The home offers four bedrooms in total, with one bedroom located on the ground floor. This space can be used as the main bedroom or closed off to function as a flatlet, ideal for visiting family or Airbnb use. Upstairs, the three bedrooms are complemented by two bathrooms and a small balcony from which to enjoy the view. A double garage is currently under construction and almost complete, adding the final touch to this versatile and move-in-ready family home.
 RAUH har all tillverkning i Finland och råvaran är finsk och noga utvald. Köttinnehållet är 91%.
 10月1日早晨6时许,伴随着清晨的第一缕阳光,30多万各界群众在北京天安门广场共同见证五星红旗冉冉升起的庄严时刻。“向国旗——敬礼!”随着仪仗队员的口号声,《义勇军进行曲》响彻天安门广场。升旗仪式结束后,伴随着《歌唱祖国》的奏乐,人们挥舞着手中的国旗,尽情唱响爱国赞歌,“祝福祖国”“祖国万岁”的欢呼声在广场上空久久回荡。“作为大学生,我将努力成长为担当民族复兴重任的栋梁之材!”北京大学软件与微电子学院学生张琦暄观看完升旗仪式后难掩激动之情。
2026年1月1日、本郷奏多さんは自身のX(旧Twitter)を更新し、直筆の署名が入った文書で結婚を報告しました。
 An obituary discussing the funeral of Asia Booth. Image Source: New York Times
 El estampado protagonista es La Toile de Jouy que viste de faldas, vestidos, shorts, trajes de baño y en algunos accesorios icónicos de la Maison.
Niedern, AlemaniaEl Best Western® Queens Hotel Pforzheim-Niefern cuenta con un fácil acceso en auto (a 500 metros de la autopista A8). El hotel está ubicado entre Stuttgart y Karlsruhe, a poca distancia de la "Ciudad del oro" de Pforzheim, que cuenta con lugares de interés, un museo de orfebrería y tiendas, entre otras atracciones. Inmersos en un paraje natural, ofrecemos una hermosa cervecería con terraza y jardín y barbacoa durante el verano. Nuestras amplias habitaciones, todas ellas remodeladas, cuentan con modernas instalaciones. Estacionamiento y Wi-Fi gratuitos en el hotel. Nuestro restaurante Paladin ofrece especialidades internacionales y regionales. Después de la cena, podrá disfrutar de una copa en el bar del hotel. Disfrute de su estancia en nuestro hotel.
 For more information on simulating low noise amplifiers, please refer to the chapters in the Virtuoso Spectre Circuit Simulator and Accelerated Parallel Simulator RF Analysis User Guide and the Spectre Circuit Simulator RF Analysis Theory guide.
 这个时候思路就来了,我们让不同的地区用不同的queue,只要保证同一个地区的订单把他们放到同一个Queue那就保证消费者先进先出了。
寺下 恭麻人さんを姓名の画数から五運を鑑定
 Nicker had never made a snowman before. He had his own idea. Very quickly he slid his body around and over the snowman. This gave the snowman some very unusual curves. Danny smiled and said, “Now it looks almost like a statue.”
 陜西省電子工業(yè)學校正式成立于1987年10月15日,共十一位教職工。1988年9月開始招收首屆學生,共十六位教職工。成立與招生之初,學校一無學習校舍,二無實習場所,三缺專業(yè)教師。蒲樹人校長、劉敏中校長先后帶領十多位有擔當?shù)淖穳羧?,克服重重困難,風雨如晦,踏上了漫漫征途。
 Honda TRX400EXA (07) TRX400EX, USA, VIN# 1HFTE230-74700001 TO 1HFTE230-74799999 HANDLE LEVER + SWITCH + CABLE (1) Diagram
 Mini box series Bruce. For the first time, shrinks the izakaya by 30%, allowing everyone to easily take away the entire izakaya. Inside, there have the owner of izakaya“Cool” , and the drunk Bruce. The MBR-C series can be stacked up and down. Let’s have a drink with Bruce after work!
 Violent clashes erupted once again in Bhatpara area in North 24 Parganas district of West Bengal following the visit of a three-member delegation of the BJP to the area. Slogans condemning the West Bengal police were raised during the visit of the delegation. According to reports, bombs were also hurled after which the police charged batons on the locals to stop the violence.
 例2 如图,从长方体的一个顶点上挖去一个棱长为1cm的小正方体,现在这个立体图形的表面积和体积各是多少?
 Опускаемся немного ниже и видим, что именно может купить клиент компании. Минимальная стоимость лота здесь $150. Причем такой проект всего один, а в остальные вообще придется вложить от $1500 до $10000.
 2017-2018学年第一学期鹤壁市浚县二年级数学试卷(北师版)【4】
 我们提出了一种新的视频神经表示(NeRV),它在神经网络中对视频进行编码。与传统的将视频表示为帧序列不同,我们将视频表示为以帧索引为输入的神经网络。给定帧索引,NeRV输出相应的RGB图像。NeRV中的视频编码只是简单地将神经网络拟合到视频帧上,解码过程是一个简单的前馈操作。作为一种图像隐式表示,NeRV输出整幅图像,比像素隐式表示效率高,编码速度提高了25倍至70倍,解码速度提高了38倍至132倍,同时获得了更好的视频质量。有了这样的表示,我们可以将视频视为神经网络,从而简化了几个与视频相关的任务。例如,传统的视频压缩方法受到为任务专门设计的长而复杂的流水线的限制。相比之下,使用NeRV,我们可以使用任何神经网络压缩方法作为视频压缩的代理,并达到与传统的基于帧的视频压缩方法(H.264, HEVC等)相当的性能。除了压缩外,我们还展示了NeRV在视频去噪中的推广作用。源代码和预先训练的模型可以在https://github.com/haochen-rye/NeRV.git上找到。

▶ [What is required]
Search the records above for the string "which". Report each line that has it.

▶ [Response]
The home offers four bedrooms in total, with one bedroom located on the ground floor. This space can be used as the main bedroom or closed off to function as a flatlet, ideal for visiting family or Airbnb use. Upstairs, the three bedrooms are complemented by two bathrooms and a small balcony from which to enjoy the view. A double garage is currently under construction and almost complete, adding the final touch to this versatile and move-in-ready family home.
 Violent clashes erupted once again in Bhatpara area in North 24 Parganas district of West Bengal following the visit of a three-member delegation of the BJP to the area. Slogans condemning the West Bengal police were raised during the visit of the delegation. According to reports, bombs were also hurled after which the police charged batons on the locals to stop the violence.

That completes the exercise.